Широк человек, говорил Достоевский. Широк, думаю я, наивен и глуп. Ведь к этому времени я уже написала повесть «Этого достаточно», в которой моя героиня Елена Николаевна, получив такую же бумагу о реабилитации мужа, думает: «Господи, какой день! Можно плакать, можно биться головой о чугунную решетку на Чистопрудном бульваре, но ничего нельзя изменить, вернуть. Все исчезло, превратилось в пепел, и вместо горсти пепла эта бумага в руках!»
Какое уж тут – бежать вприпрыжку… Но, кажется, я не совсем права: через несколько строк в той повести – фраза: «Ликование уже померкло в ней». Значит, было и ликование?
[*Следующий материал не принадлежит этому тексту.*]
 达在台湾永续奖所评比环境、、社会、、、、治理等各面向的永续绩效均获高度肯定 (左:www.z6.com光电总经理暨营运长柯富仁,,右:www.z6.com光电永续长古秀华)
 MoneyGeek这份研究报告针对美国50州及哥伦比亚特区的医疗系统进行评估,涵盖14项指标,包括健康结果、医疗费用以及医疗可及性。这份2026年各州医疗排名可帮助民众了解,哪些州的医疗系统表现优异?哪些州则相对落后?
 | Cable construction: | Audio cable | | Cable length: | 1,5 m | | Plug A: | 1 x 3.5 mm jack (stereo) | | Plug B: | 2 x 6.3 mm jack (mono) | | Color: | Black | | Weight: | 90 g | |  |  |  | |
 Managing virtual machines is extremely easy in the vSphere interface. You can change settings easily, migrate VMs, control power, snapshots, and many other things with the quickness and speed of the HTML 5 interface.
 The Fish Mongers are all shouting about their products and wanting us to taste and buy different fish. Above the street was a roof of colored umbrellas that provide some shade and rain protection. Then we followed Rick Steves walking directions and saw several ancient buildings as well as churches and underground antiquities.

Как не доверять тому, что вывела рука!
А с публикацией этой повести целая история. В «Советском писателе» потребовали разрешения от самого ЦК. Не ища никаких окольных путей (как тогда с Высоцким), решили идти официально, напролом. На семейном (в смысле дружеском, что, собственно, одно и то же) совете договорились о письме к Яковлеву. Александр Николаевич Яковлев – секретарь ЦК по идеологии. Письмо к нему (от моего имени) сочинила Инна (оно и сейчас у меня, черновик, написанный ее рукой): «…Один из героев повести – венгерский политэмигрант, приехавший в Россию в 1924 году… Фигура эта вымышленная, хотя в основе повести лежат реальные судьбы людей…»
Рукопись моей повести и это письмо Наталья отнесла в приемную ЦК на Старую площадь. Просто передала в окошечко, и всё. Я сильно сомневалась, что из этого что-нибудь получится. И вдруг – депеша из Союза писателей СССР.
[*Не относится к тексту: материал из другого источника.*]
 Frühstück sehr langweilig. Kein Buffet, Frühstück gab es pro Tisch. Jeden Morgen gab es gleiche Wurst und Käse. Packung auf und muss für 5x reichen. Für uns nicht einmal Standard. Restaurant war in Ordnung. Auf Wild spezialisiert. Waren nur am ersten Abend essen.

Надо сказать, что, пускаясь вместе со Стреляным в авантюру издания книги, мы пошли на обман. Мне, живущей в Ленинграде, нельзя было издаваться в московском «Совписе», а только в его ленинградском филиале. Но в Ленинграде меня с моей одиозной биографией «ни в жисть» бы не издали. И главное – здесь не было Стреляного.
Мы договорились с ним скрыть факт моей ленинградской прописки, и в договоре я, ужасно боясь разоблачения, указала адрес Натальи как свой. На ее адрес и поступило высочайшее разрешение: «В связи с Вашим обращением в ЦК КПСС по поводу повести “Этого достаточно”, сообщаю Вам, что издательство “Советский писатель” вторично рассмотрело рукопись и пришло к выводу, что повесть может быть опубликована… С уважением, секретарь Правления СП СССР Ю. Грибов. 18 декабря 1987 г.».
А в 89-м нас с сестрой пригласили в Венгрию в связи с отмечавшейся там датой: в марте исполнялось семьдесят лет той самой Венгерской революции, в которой участвовал восемнадцатилетний Йожеф Грейнер. В его родном городе Заласентгроте нас принимали на высшем партийном уровне: отдельный особняк, горничная, повар, поездки, встречи…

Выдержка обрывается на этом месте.